El cuerpo del deseo (literally: The Body of Desire), is a Spanish-language telenovela produced by Telemundo and filmed in Florida. This limited-run series is about a man who comes back from the dead and discovers dark secrets about his beautiful widow. The first version of El cuerpo del deseo was En cuerpo ajeno, produced by RTI Colombia in 1992. In India, the show was broadcast on Firangi in Hindi as Second Chance. In Pakistan, the show was broadcast on Urdu 1 with Urdu dub as Isabel – Meri Akhri Mohabbat. In the Philippines, the show was broadcast on ABS-CBN in Filipino as El Cuerpo from March 24 to November 14, 2008.

Plot
The story features Pedro José Donoso (Andrés García), a wealthy old man who lives in a big mansion with his daughter Angela and his servants. He falls in love with and marries a gorgeous younger woman, Isabel Arroyo (Lorena Rojas). He dies suddenly, and Isabel marries employee Andres Corona. But Pedro Jose Donoso returns to Earth through transmigration: (the passing of a soul into another body after death), in the body of Salvador Cerinza (Mario Cimarro), a handsome (yet poor) family man. Salvador was actually a poor man who lived with his wife Cantalicia and son Moncho, but Pedro's soul forced Salvador's soul to leave Salvador's body, although Salvador hadn't died.

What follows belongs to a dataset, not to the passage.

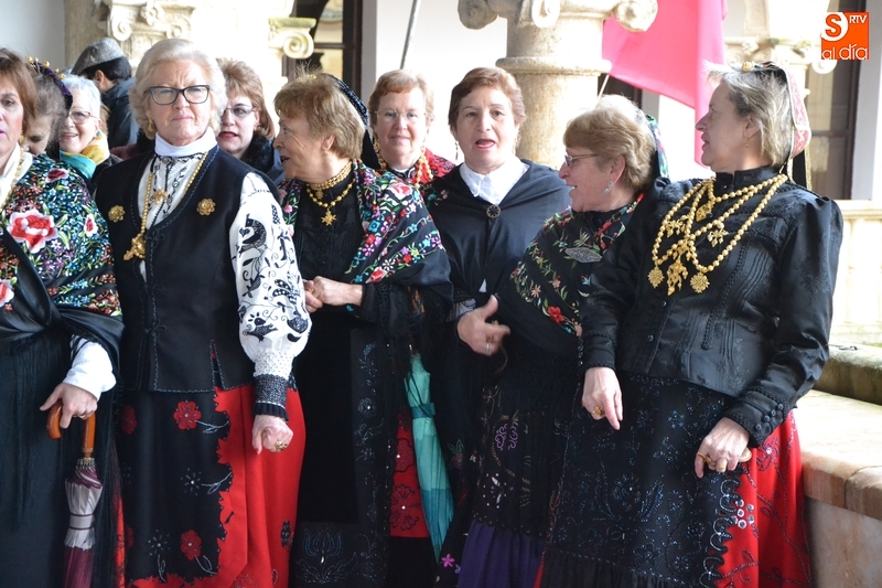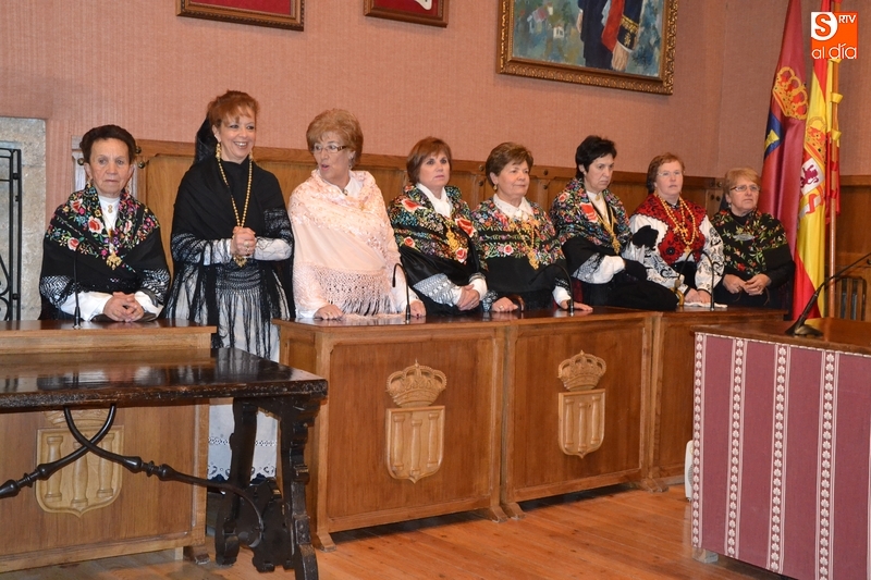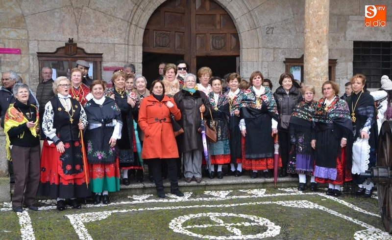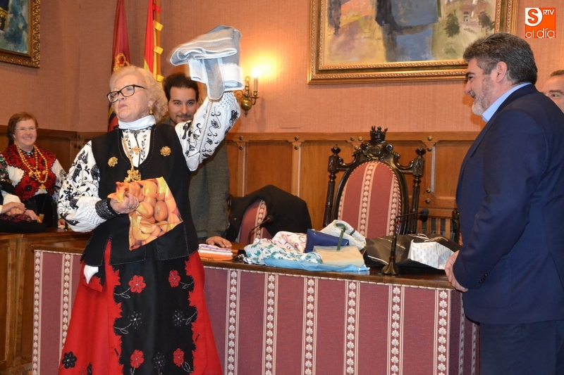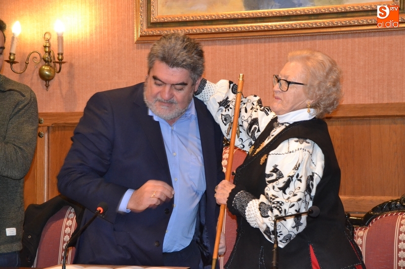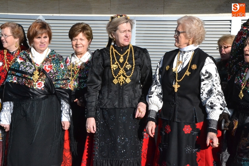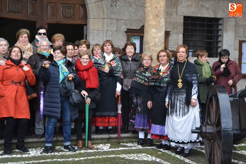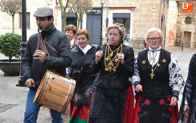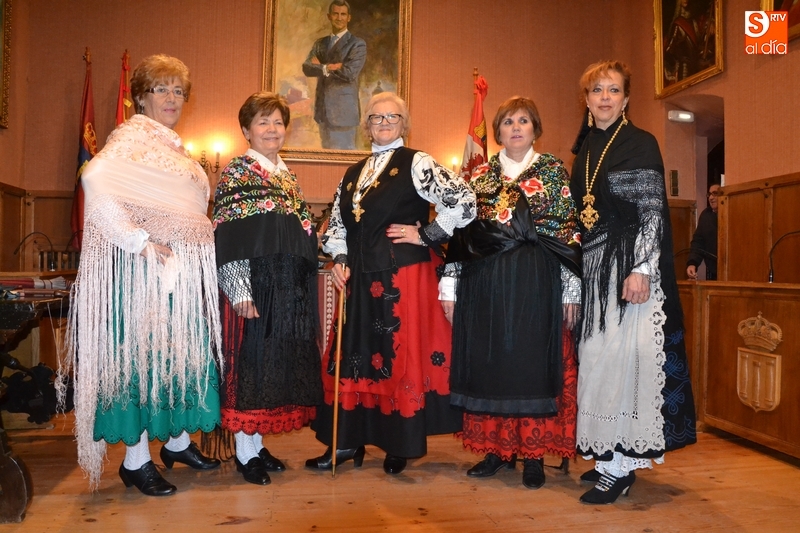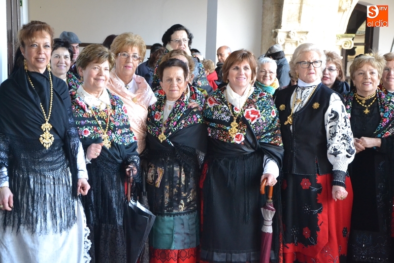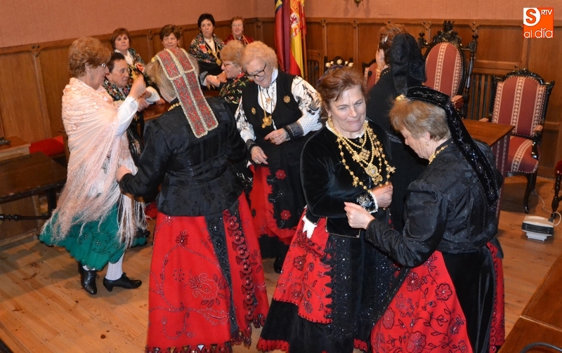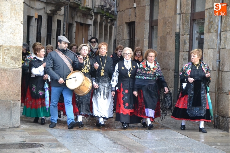 Precisamente, la mañana dominical comenzó con la reunión de unas cuantas de ellas (principalmente las que iban ataviadas con el traje típico charro) junto al Mercado de Abastos, desde donde se dirigieron con la compañía de un tamborilero y mientras lanzaban cohetes hasta la Casa Consistorial. Allí, el alcalde de Ciudad Rodrigo le hizo entrega a Rosario Pérez del bastón de mando, y además, por sorpresa, de un cuadro de recuerdo con motivo de ese 25º aniversario.

Pedro José searches for everything he lost, uncovering secrets, truths and deceptions. Ultimately, he must set things straight and save those who truly loved him, and reclaim the heart of beautiful Isabel. Pedro changes his name to Salvador and enters his mansion as a poor driver. Isabel feels attracted and falls in love with him. Both have sex several times and secretly Isabel kills Andres and marries Salvador. Angela marries Antonio, the maid Abigail's son. Antonio and Angela love each other very much. Pedro thinks that his death was not natural. He believes that Isabel killed him by giving him poison. Isabel did not give him poison in truth. When Isabel discovers that Salvador is Pedro, she asks him to forgive her and tells him the truth. Pedro and Isabel reunite and leave the mansion without informing anyone. However, Isabel's Aunt, Miss Rebecca believes that Salvador might have taken Isabel somewhere so that he can kill her and grab her wealth, so she and the butler, Walter, inform the police. The police chase Pedro and Isabel. Isabel tells Pedro that she doesn't want to be separated from him again, so she drives the car into a river.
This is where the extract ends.